The chinese patent with application number 201810123010.2 discloses a preparation method and application of an iron-doped cobalt diselenide composite nitrogen-doped carbon material. The method comprises the steps of taking a metal organic framework ZIF-67 as a precursor, etching by utilizing ferric ions to obtain Fe-ZIF-67 modified by iron, carbonizing and selenizing the Fe-ZIF-67 by utilizing selenium steam at high temperature to obtain iron-doped cobalt diselenide (Fe-CoSe) loaded by nitrogen-doped porous carbon2@ NC) powdered electrode material. Mixing Fe-CoSe2The @ NC powder is made into slurry and brushed on the conductive carbon fiber paper to prepare Fe-CoSe2@ NC/CFP electrode. Fe-CoSe2The electrochemical catalysis hydrogen production performance indexes of the @ NC/CFP electrode are as follows: the Tafel slope is 40.9 mV/decade; up to 10mA/cm2The overpotential for the current density was-0.143V (vs RHE). The steps involved in this patent are more complex and require chemical etching and high temperature carbonization processes. Chinese patent with application number of 201910171517.XA preparation method of a nitrogen and nickel codoped cobalt selenide ultrathin nanosheet discloses a preparation method of a cobalt selenide doped material, which comprises the steps of mixing a cobalt source, a selenium source, a nickel source, a nitrogen source, water and diethylenetriamine, and carrying out a solvothermal reaction to obtain a nitrogen and nickel codoped cobalt selenide precursor; and then washing and drying the precursor to obtain the nitrogen and nickel co-doped cobalt selenide ultrathin nanosheet. The patent is simultaneously applied to the modification of cobalt selenide by metal doping and nonmetal doping, and has higher preparation cost and poor safety.
Disclosure of Invention
The invention provides a nickel-doped cobalt selenide electro-catalysis hydrogen evolution catalyst and a preparation method thereof, aiming at solving the technical problems of complex preparation steps, high cost and poor safety of the existing cobalt selenide-doped electro-catalysis hydrogen evolution catalyst.

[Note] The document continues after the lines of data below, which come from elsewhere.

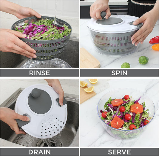 Cook with Color Salad Spinner - Lettuce and Produce Dryer with Bowl, Colander and Built in draining System for Fresh, Crisp, Clean Salad and Produce (Grey)
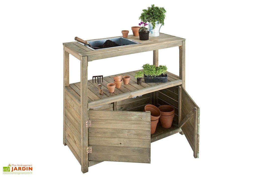 La table est en pin traité autoclave de classe 3, afin de résister à l’humidité, à la moisissure, aux insectes et aux intempéries. Ce bois certifié FSC, est issu de forêts gérées de manière responsable et durable, il ne vous demandera aucun traitement supplémentaire. La table est équipée d’un bac en acier galvanisé de 40 x 30 x 8 cm (l,l,h) qui vous aidera pour votre rempotage. Il ne rouillera pas et ne subira pas de corrosion.
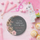 Pratos de papel para chá de bebê menina flor silvestre rosa Boho rústico. Elegante coroa floral em aquarela emoldura os detalhes do seu evento. Paletas pastel de rosa suave, branco e cinza escuro.

The nickel-doped cobalt selenide electro-catalytic hydrogen evolution catalyst has a chemical general formula of CoxNiySe2,x=0.6~0.8,y=0.1~0.35。

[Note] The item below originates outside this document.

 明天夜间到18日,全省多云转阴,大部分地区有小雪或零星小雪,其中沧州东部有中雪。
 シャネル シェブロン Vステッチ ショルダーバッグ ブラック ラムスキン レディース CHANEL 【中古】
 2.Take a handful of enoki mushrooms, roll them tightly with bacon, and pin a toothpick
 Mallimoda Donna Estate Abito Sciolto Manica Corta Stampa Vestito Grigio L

The preparation method of the nickel-doped cobalt selenide electro-catalytic hydrogen evolution catalyst comprises the following steps:
one, press CoxNiySe2Weighing selenium powder and Co (NO) according to the stoichiometric ratio3)2·6H2O and Ni (NO)3)2·6H2O,CoxNiySe2Wherein x is 0.6-0.8, and y is 0.1-0.35; then weighing potassium hydroxide solution, EDTA-2Na and ultrapure water;
secondly, dissolving the selenium powder in a potassium hydroxide solution, stirring for 25-35 min, and adding Co (NO)3)2·6H2O、Ni(NO3)2·6H2O, EDTA-2Na and ultrapure water, and continuously stirring for about 1-1.5 h to obtain a mixed solution;
thirdly, transferring the mixture into a Teflon reaction kettle, reacting for 10-16 h at the temperature of 160-200 ℃, and naturally cooling to room temperature;
and fourthly, washing the black precipitate obtained by the reaction with water and ethanol in sequence, and then placing the black precipitate in a vacuum oven at the temperature of 60-65 ℃ for 12-15 hours to obtain the nickel-doped cobalt selenide electro-catalysis hydrogen evolution catalyst.
The overpotential (the current density is 10mA cm) of the nickel-doped cobalt selenide electro-catalytic hydrogen evolution catalyst-2The time potential) reaches 170-195 mV VS RHE, the Tafel slope reaches 32-62V VS RHE, is very close to platinum, can be compared favorably with the currently accepted best platinum catalyst, and simultaneously has ultrahigh stability, after 1000 circles of continuous cyclic voltammetry test, the polarization curve is almost overlapped with the initial curve, 10000s under the overpotential condition, the current density is not obviously changed, and the stability in the acid electrolyte is good.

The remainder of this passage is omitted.